◆ EXERCISE DATA

========

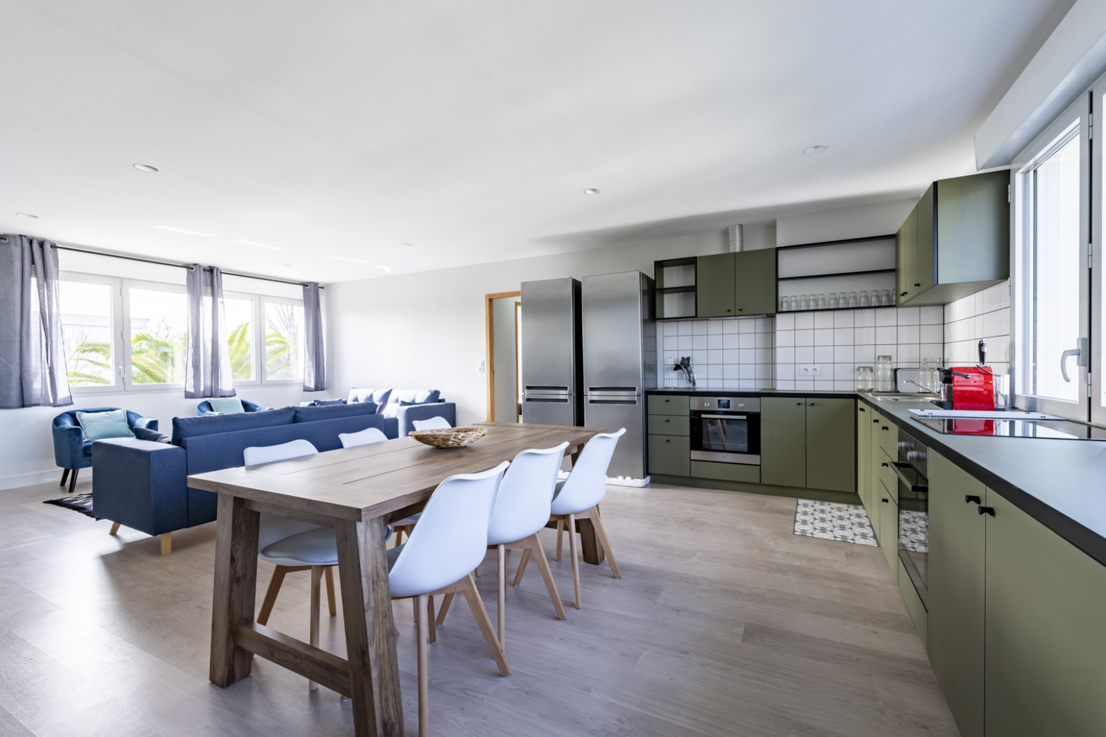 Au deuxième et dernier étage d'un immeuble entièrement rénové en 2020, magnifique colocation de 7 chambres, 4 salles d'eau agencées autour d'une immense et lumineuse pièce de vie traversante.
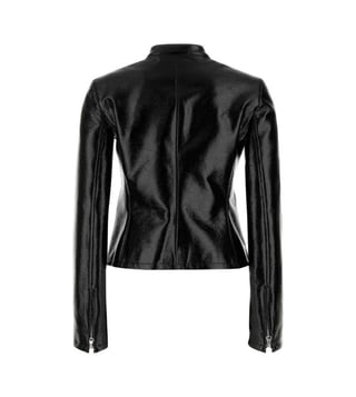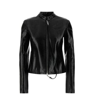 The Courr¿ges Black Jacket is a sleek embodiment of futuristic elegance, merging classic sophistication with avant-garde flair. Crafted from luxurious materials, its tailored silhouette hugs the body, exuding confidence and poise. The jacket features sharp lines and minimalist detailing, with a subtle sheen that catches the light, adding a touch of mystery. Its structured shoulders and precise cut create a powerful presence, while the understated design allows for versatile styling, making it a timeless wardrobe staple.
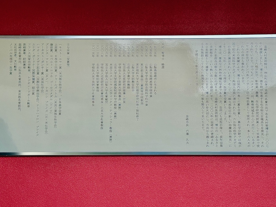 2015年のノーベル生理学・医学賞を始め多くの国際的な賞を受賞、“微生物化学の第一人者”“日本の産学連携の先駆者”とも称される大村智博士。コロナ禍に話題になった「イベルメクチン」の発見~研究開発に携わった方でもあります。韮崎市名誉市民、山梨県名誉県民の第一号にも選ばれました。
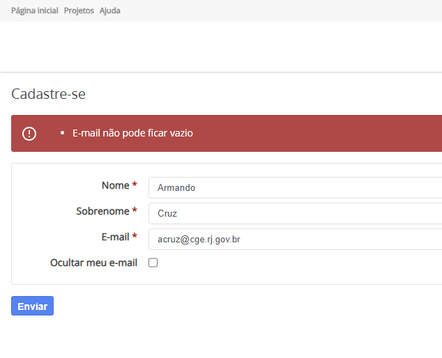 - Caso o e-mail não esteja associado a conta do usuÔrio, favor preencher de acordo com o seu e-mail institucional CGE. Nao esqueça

========

◆ PROBLEM
Print the material above once more, exactly, minus the pictures.

◆ SOLUTION FOR THIS TASK
 Au deuxième et dernier étage d'un immeuble entièrement rénové en 2020, magnifique colocation de 7 chambres, 4 salles d'eau agencées autour d'une immense et lumineuse pièce de vie traversante.
 The Courr¿ges Black Jacket is a sleek embodiment of futuristic elegance, merging classic sophistication with avant-garde flair. Crafted from luxurious materials, its tailored silhouette hugs the body, exuding confidence and poise. The jacket features sharp lines and minimalist detailing, with a subtle sheen that catches the light, adding a touch of mystery. Its structured shoulders and precise cut create a powerful presence, while the understated design allows for versatile styling, making it a timeless wardrobe staple.
 2015年のノーベル生理学・医学賞を始め多くの国際的な賞を受賞、“微生物化学の第一人者”“日本の産学連携の先駆者”とも称される大村智博士。コロナ禍に話題になった「イベルメクチン」の発見~研究開発に携わった方でもあります。韮崎市名誉市民、山梨県名誉県民の第一号にも選ばれました。
 - Caso o e-mail não esteja associado a conta do usuÔrio, favor preencher de acordo com o seu e-mail institucional CGE. Nao esqueça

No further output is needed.